The purpose of this study was to establish the optimal growth temperature and to select genetic resources for production of cowpea sprouts. Seowon was treated between $15^{\circ}C$ and $30^{\circ}C$ at intervals of $3^{\circ}C$ to investigate growth temperature. Twelve resources, including Seowon, IT154149, IT154153, Tvu7426, and Tvu7778, were used for cultivating sprouts at a temperature of $27^{\circ}C$. The yield ratio of cowpea sprouts was highest at $27^{\circ}C$ (657%), and was reduced when growth temperature was decreased.
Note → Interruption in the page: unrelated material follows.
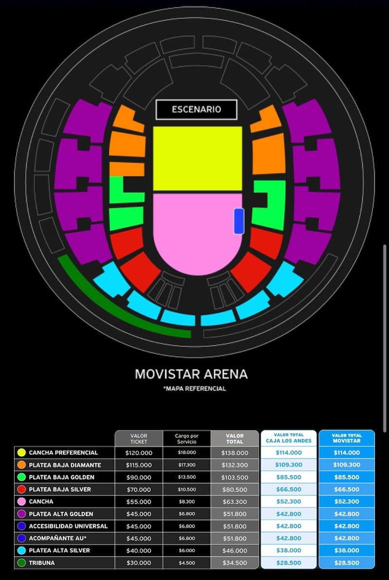 Los precios van de $34.500 (tribuna) a $138.000 (cancha preferencial). Incluye cargo por servicio.

The hard seed rate was lower when the growth temperature was increased. Vitamin C content was highest at $24^{\circ}C$ (2.85 mg/g), ranged between 2.15 and 2.29 mg/g at other growth temperatures, and increased with the length of the growth period. The inorganic component content of cowpea sprouts did not vary based on growth temperature, while the amino acid content increased with increasing growth temperature between $15^{\circ}C$ and $24^{\circ}C$, and then subsequently decreased as growth temperature rose from $24^{\circ}C$ to $30^{\circ}C$. IT154153 had the highest yield ratio of cowpea sprouts per genetic resource (647%), followed by Seowon (615%), and Tvu7426 (608%). Genetic resources with a higher yield ratio had smaller seeds, a thinner seed coat, and superior germinability. The inorganic components found at highest concentrations in the cowpea sprouts were potassium, magnesium, calcium, sodium, iron, molybdenum, and zinc (in that order). In comparison to raw seeds, the protein, calcium, zinc, molybdenum, and iron content in the cowpea sprouts was higher, while the content of aluminum and boron was lower.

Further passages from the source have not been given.